For smaller maps, there is no improvement or worse performance as there is not enough dead ends for any search algorithm to waste enough time on. So for more completeness sake, you would make a check to test various sizes with various amount of dead ends and find the optimal map size for where it would make sense to try to fill in all dead ends with walls. Also, when you know a maze would only have one path, then this is more optimal than any path finding algorithm, that is if the map is big enough. That is because you can just find the path fast enough that filling in dead ends is not needed and can just path find it.
for our input, I think this would not help as the map should NOT be large enough. This is naive approach is too costly. It would probably be better if there is a faster approach than this naive approach.
actually, testing this naive approach on the smaller examples, it does have a slight edge over not filling in dead ends. This means that the regex is likely slowing down as the map get larger. so something that can find dead ends faster would be a better choice than the one line regex we have right now.
I guess location of both S and E for the input does matter, because the maze map could end up with S and E being close enough that most, if not all, dead ends are never wasting the time of the Dijkstra’s algorithm. however, my input had S and E being on opposite corners. So the regex is likely the culprit in why the larger map makes filling in dead ends slower.
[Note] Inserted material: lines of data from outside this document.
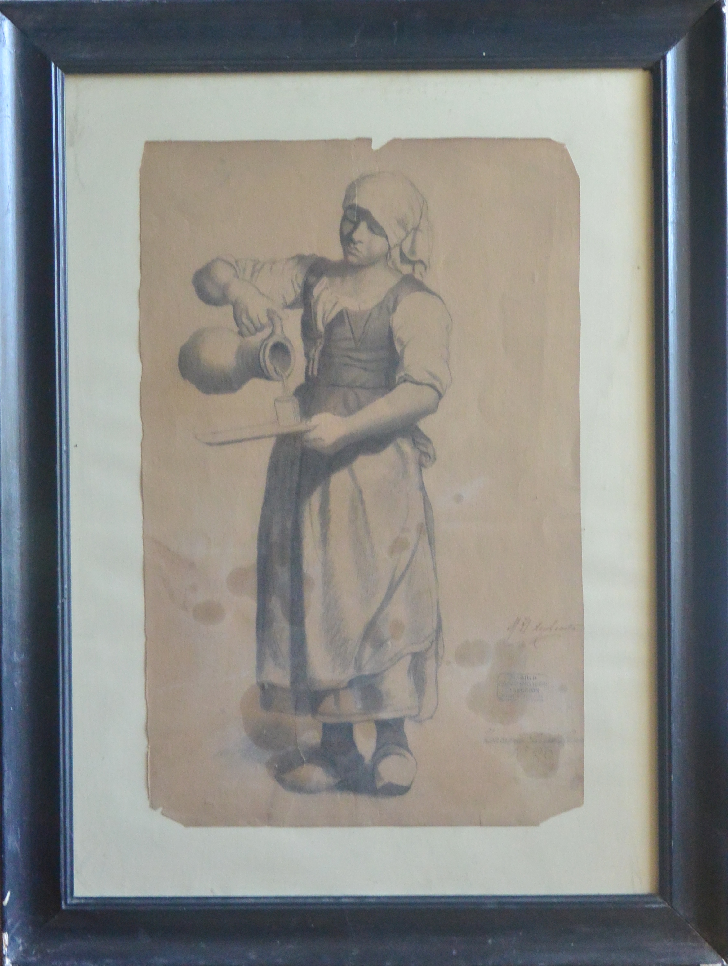 Academia, Lechera, Dibujo principios siglo XX con sello escuela de artes y oficios, firmado Zacarías Cruz, enmarcado, dibujo 57×36 cms. y marco 80×60 cms. Marco incluido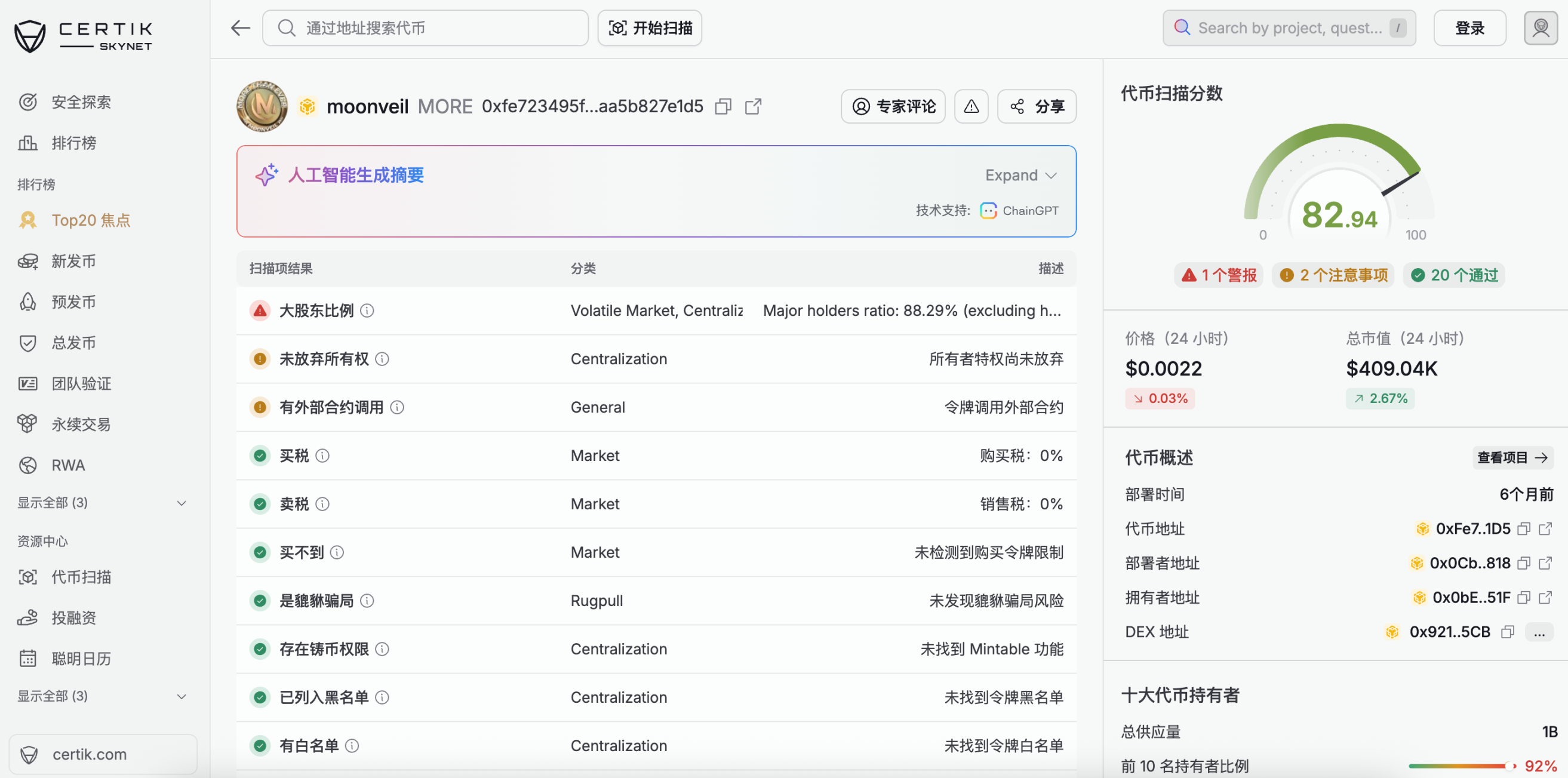 Сервис Skynet от CertiK может помочь в борьбе с такими атаками, как мошеннические схемы с выводом средств, оценивая общую безопасность проектов Web3 по шести параметрам: безопасность кода, структура проекта, операционная устойчивость, управление, динамика рынка и репутация сообщества. Проверка с помощью Skynet перед инвестированием позволяет эффективно отфильтровать многие риски. Кроме того, пользователи могут использовать инструменты сканирования токенов для получения базовой информации, такой как процент держателей токенов, наличие у них полномочий на изменение параметров токенов, наличие налогов на транзакции и является ли это финансовой пирамидой. Помимо этого, отчеты серии Skynet от CertiK и список Skynet Top 20 предоставляют авторитетные справочные материалы по оценке безопасности на основе анализа данных и прозрачных количественных стандартов оценки, помогая выявлять прогнозируемые риски.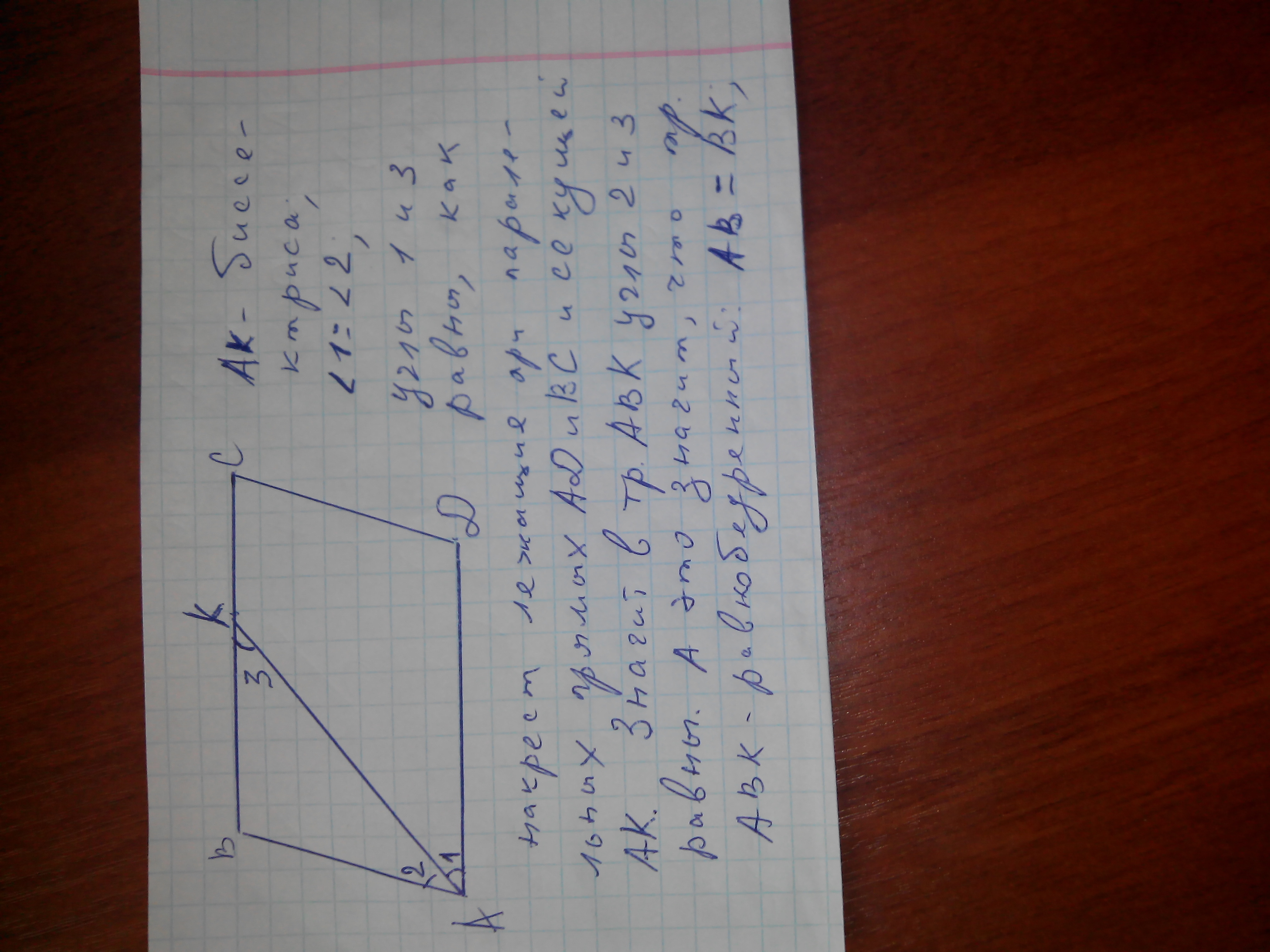 Биссектриса угла параллелограмма отсекает от него равнобедренный треугольник.Доказать утверждение пожалуйста)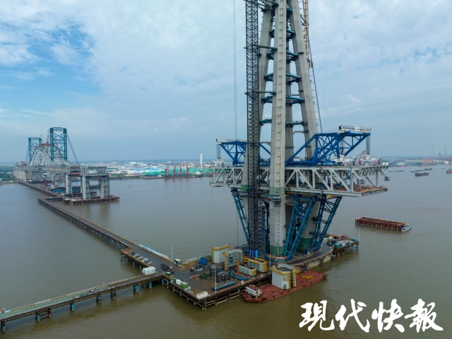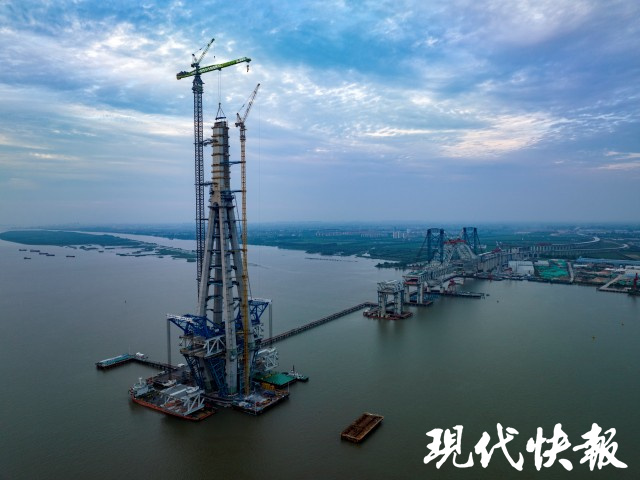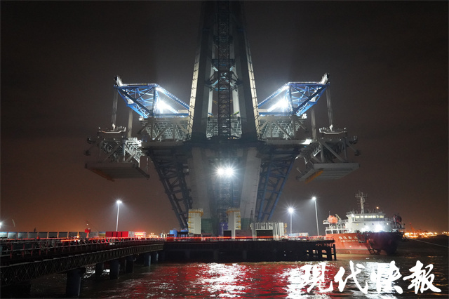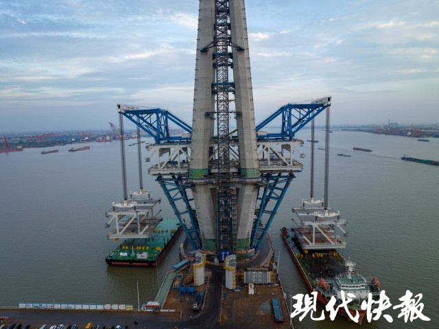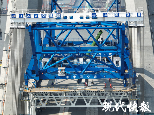 现代快报记者从中交二航局获悉,9月3日凌晨,在常泰长江大桥主航道桥,国内最大双主桁桥面吊机历经16小时,终于完成了北岸首对钢桁梁对称悬拼。这也标志着大桥钢桁梁架设迈入“快车道”。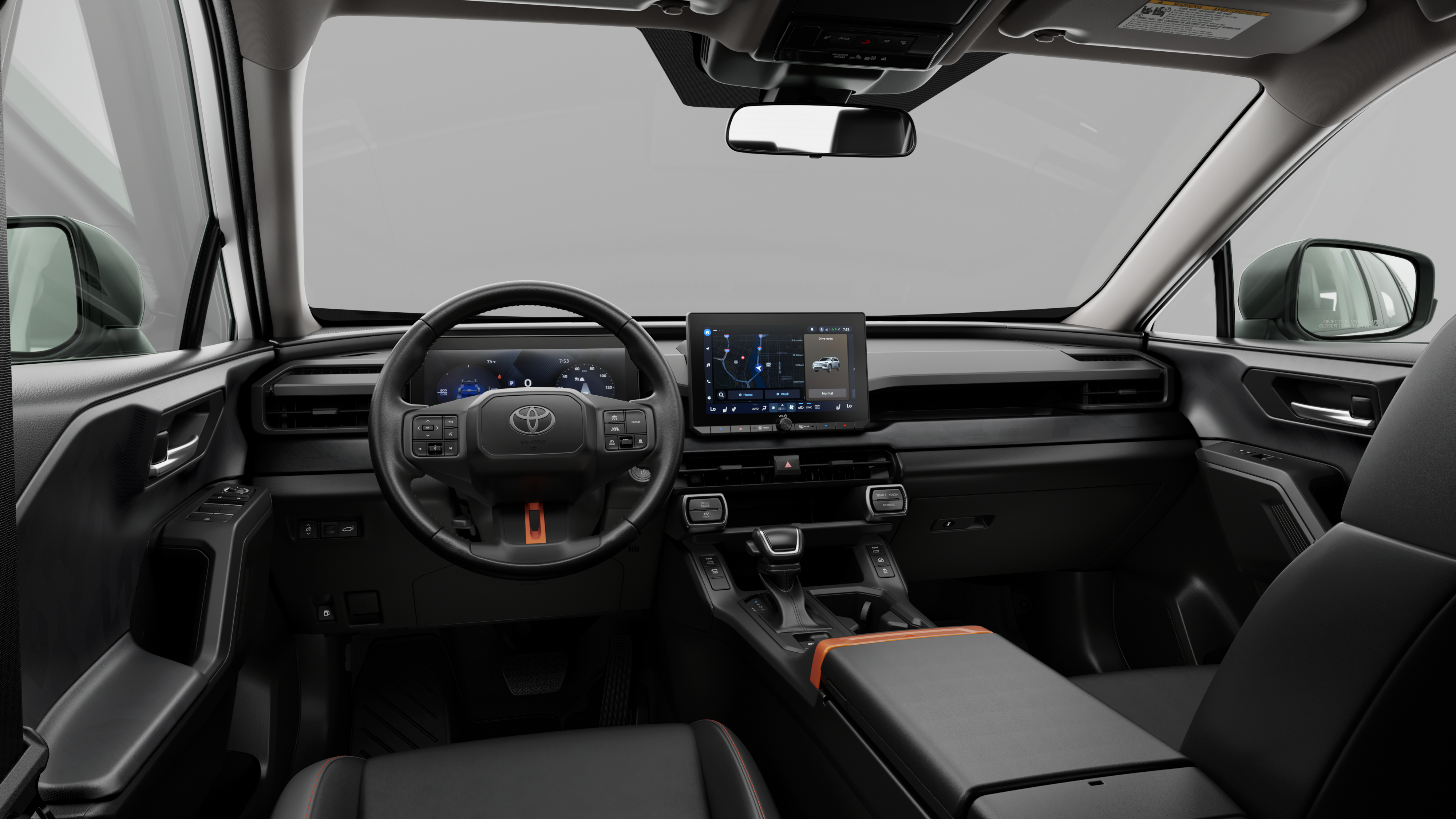 - Center console with covered storage compartment, reversible armrest/console tray, two cup holders, drive mode (Trail, Snow, Normal and EV mode ), auto LSD/VSC, Electric Parking Brake (EPB) and automatic Brake Hold controls, and front storage tray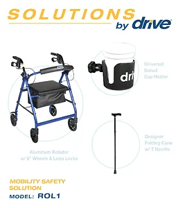 The Drive Medical Rollator in blue features a stylish design and practical functionality. It is equipped with a removable and adjustable back support, making it a versatile option for both indoor and outdoor use. The lightweight frame and compact design allow for easy transport and storage.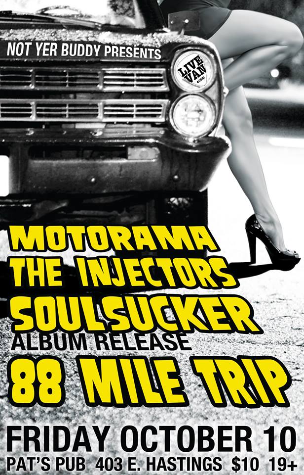 none of these bands are openers but one of em has to ... so i hope you have the good sense to show up on time. Soulsucker are finally dropping their debut CD c/o NYB and wanted to party with their bro's so joining em is the awesome psych/stoner metal machine 88 Mile Trip, those greasy grimy good time rocknrollers The INJECTORS and the resurrected, reformed, revved up punk rock ear rapists MOTORAMA ... beginning to end, this will rage!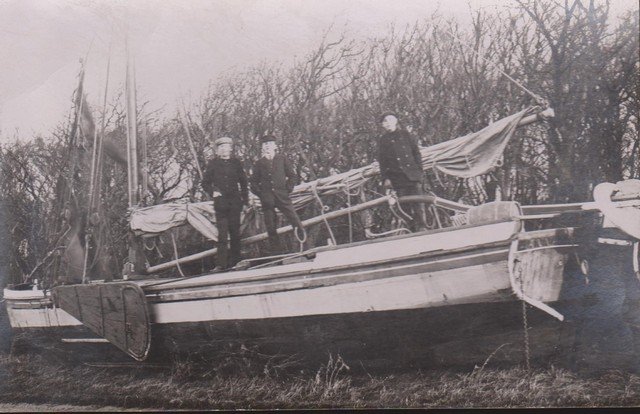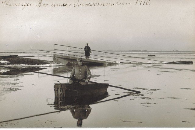 Grænsen Obbekær, Stenager bro 1910 Sergent Rasmus Jørgensen ombord i den selv [...]byggede båd som blev brugt til at færge personer over Gjelså efter stormfloden 3 Dec 1909 hvor vandet skyllede sandet væk omkring Stavnager bro. Kortet ejes af Kennet Pedersen
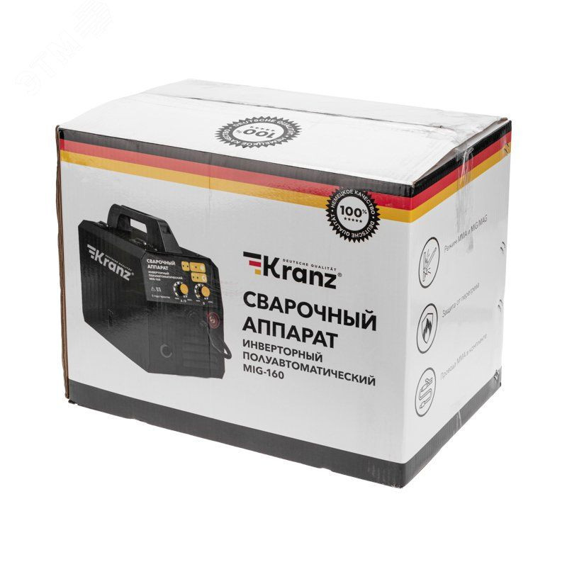 Сварочный аппарат инверторный полуавтоматический MIG-160 KRANZ представляет собой компактный, надежный и удобный прибор для сварки MIG/MAG/MMA. Подходит для бытового и полупрофессионального применения - выполнения работ на строительных объектах, в гараже, в мастерской, на даче и в загородном доме. Аппарат работает от сети 220 В. Данная модель имеет компактный корпус полный комплект для производства сварочных работ. Аппарат поддерживает обратную и прямую полярность при сварке и работает с электродами 2-4 мм. Обладает такими преимуществами как плавная регулировка сварочного тока, легкий старт (поджиг дуги) и отсутствие брызг при сварке. Предусмотрены такие функции, как поджиг повышенным током (антиприлипание), форсаж дуги в режиме ММА, HotStart в режиме ММА, дожигание сварочной проволоки, защита от перепадов напряжения, возможность работы с порошковой проволокой.

if you notice from the profiler output, on the smaller examples, the naive approach makes a negligible loss in time and improves the time by a few tenths of a millisecond for your algorithm to do both part1 and part 2. however, on the larger input, the naive approach starts to take a huge hit and loses about 350 ms to 400 ms on filling in dead ends, while only improving the time of your algorithm by 90 ms. while filling in dead ends does improve performance for your algorithm, it just has too much overhead. That means that with a less naive approach, there would be a significant way to improve time on the solving algorithm.
took some time out of my day to implement a solution that beats only running your solution by like 90 ms. This is because the algorithm for filling in all dead ends takes like 9-10 milliseconds and reduces the time it takes your algorithm to solve this by like 95-105 ms!
decent improvement for so many lines of code, but it is what it is. using .index and .rindex on strings is just way too fast. there might be a faster way to replace with or just switch to complete binary bit manipulation for everything, but that is like incredibly difficult to think of rn.
but here is the monster script that seemingly does it in ~90 milliseconds faster than your current script version. because it helps eliminated time waste in your Dijkstra’s algorithm and fills all dead ends with minimal impact on performance. Could there be corner cases that I didn’t think of? maybe, but saving time on your algo is better than just trying to be extra sure to eliminate all dead ends, and I am skipping loops because your algorithm will handle that better than trying to do a flood fill type algorithm. (remember first run of a modified script will run a little slow.)
as of rn, the slowest parts of the script is your Dijkstra’s algorithm. I could try to implement my own solver that isn’t piggy-backing off your Dijkstra’s algorithm. however, I think that is just more than I care to do rn. I also was not going to bother with reducing LOC for the giant match case. its fast and serves it purpose good enough.